Since 2010, the institute, together with the Technical University of Munich, LMU Munich, and the Helmholtz Zentrum München, forms the partner site in Munich of the German Center for Infection Research (DZIF). In February 2013, the cooperation with the Institute of Microbiology, Immunology, and Hygiene and the Institute of Virology of the Technical University of Munich began. In 2016, a cooperation agreement was signed with the University of Stuttgart-Hohenheim.

Since 2009, the Medical Biodefense Conference has been organized in the format of an international conference.

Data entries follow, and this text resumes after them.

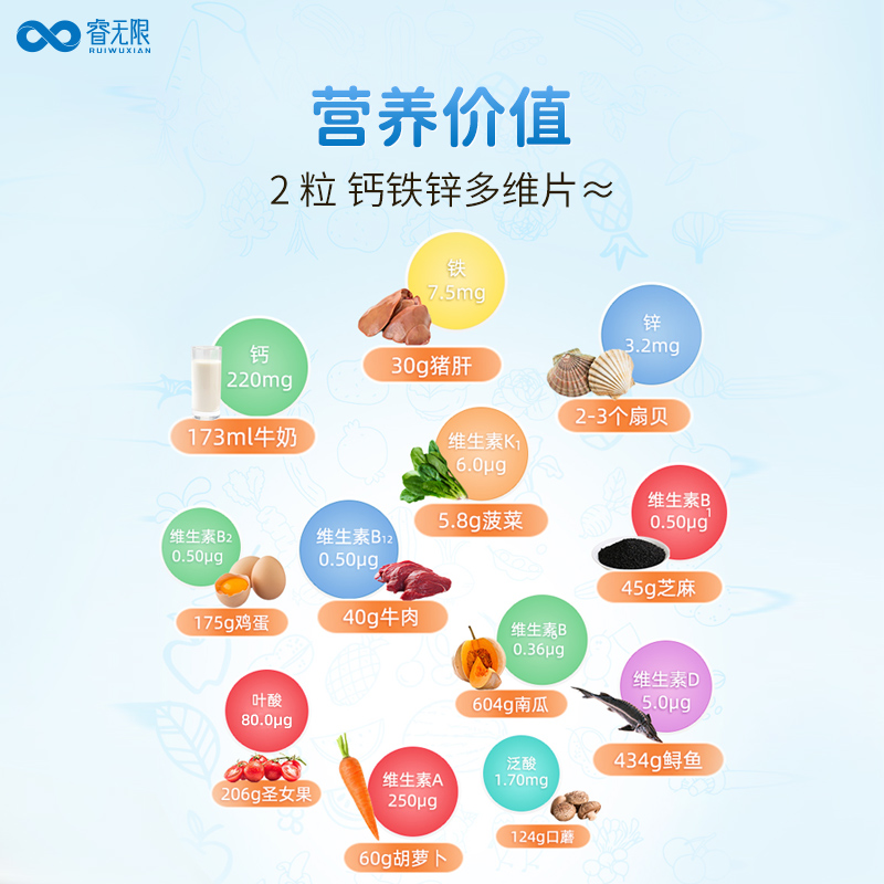 睿无限 婴幼儿钙铁锌多维片 90g(1.5g*60片)
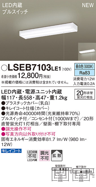 LSEB7103LE1 パナソニック LEDキッチンライト[プルスイッチ付](LSシリーズ、12W、昼白色)【LGB52095LE1同等品】【メーカー生産待ちのため納期未定】
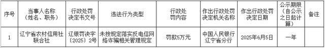 6月11日,中国人民银行辽宁省分行发布的行政处罚信息显示,辽宁省农村信用社联合社因“未按规定落实反电信网络诈骗相关管理规定”,被罚款5万元。
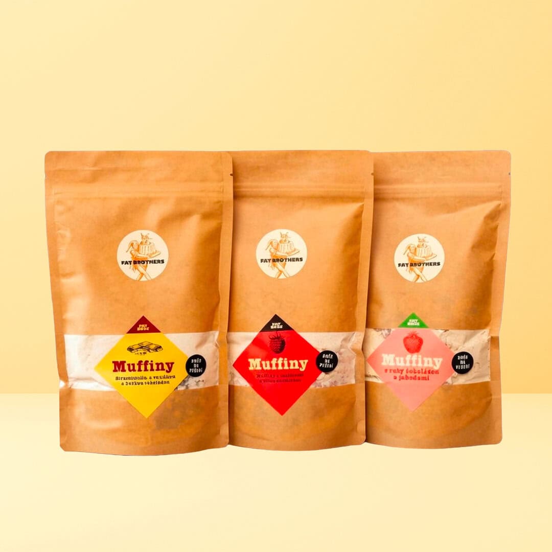 Tři směsi na muffiny – vanilkové s čokoládovými kapkami, malinami a bílou čokoládou a jahodami a ruby čokoládou. Všechny jsou vyrobeny z prvotřídních surovin. Žádné vážení, žádné zbytky. Stačí přidat 3 ingredience a za 20 minut máte upečeno.
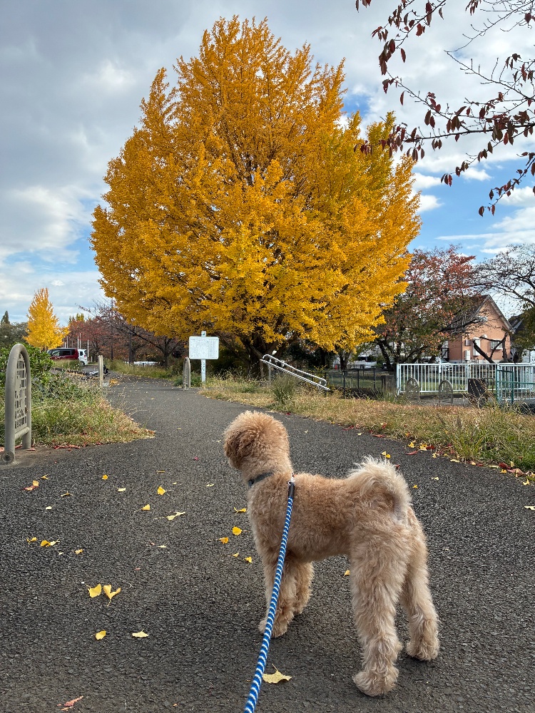 秋を楽しみながらお散歩の仕事をさせていただいております

The Bundeswehr Institute for Microbiology has been leading the development of a modular and rapidly deployable mobile laboratory system for the German Armed Forces since 2007. The institute's mobile lab systems are crafted to deliver a prompt response to sudden disease outbreaks, featuring adaptable configurations and cutting-edge biosafety measures. The incorporation of a collapsible glove box with sturdy polycarbonate walls ensures a secure working environment for handling highly infectious samples. Leveraging diagnostic technologies like qPCR, ELISA, and NGS, the system aims for expeditious turnaround times in sample analysis. With minimal infrastructure requirements, it can be rapidly deployed worldwide and utilized across diverse environments. Following initial deployments in the Balkans, the mobile laboratory seamlessly integrated into the European Mobile Lab Project (EMLab) from 2013. Remarkably, these systems played a pivotal role during the 2014 Ebola outbreak in West Africa and are now acknowledged as a global technical standard for diagnostic field operations in combating disease outbreaks.

The Bundeswehr Institute of Microbiology reached a significant milestone during the COVID-19 pandemic. On January 27, 2020, researchers at the institute diagnosed the first cases of illness caused by the SARS-CoV-2 virus in Germany, marking a pivotal early detection in the laboratory. Notably, the institute successfully cultured the virus in cell cultures, achieving a feat previously only accomplished by Australian researchers outside of China. Furthermore, the research group sequenced the genome of SARS-CoV-2, providing comprehensive insights beyond the partial information available from Chinese online transmissions. The institute offered the initial description of the replication of SARS-CoV-2 in the nasal and throat cavity and the excretion of the virus in the stool.

On May 19, 2022, amidst the largest outbreak of mpox in Europe to date, the Bundeswehr Institute of Microbiology confirmed the first case of mpox in Germany.